Comparativamente ao leite bovino, o leite de búfalas apresenta um teor de sólidos 40-50% superior e um teor de proteínas e gorduras (principais componentes dos queijos) cerca de duas vezes maior, o que confere um ótimo potencial de transformação em laticínios.

Sua composição particular lhe confere ainda a capacidade de transformar-se em laticínios sensorialmente distintos daqueles elaborados com leite bovino e que vem tendo aceitação crescente no país e permitido um maior valor de revenda aos produtos elaborados com o leite da espécie. Assim, já conta com significativo portfólio de derivados tais como a mussarela em seus diversos formatos, burrata, frescal, ricota, requeijão cremoso, requeijão marajoara, entre outros, resultando numa demanda mais estável de produtos com maior valor agregado. Isso, aliado à falta de oferta internacional de matéria-prima, tem permitido arranjos comerciais entre a indústria e produtores com preços estabelecidos em bases anuais e hoje em níveis entre R$ 2,00 e R$ 2,60 conforme a região.

A aceleração da demanda como se observa por exemplo na Europa, tem gerado diferenças ainda mais expressivas entre as cotações de leite bovino e bubalino, sendo o primeiro cotado entre € 0,35-0,40 e o similar bubalino, entre € 1,30-1,50.

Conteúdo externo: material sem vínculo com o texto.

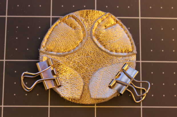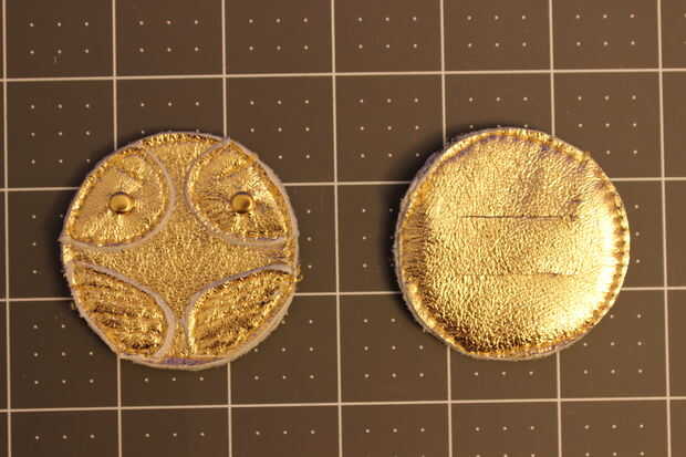 Para el soplón creé una base redonda y agrega detalles de apliques de cuero en la parte delantera para asemejarse a la snitch dorada.

No Brasil, a Associação Brasileira de Criadores de Búfalos, baseada no volume de leite captado por indústrias ligadas a seu programa de “Selo de Pureza”, registrou um aumento de 872% entre 2001 e 2018. Dispunha em 2016 o país de um rebanho de 1.371.000 búfalos. Como espécie de dupla aptidão, das 437 mil matrizes criadas no país, ainda apenas 17% são utilizadas na produção de leite que, por suas características especiais tem cerca de 85% da produção transformada em laticínios. Apesar de relativamente modesta, a produção estimada em 2016 foi de 83,5 milhões de litros que, transformadas em derivados, movimentaram no mercado um valor de cerca de R$ 666 milhões.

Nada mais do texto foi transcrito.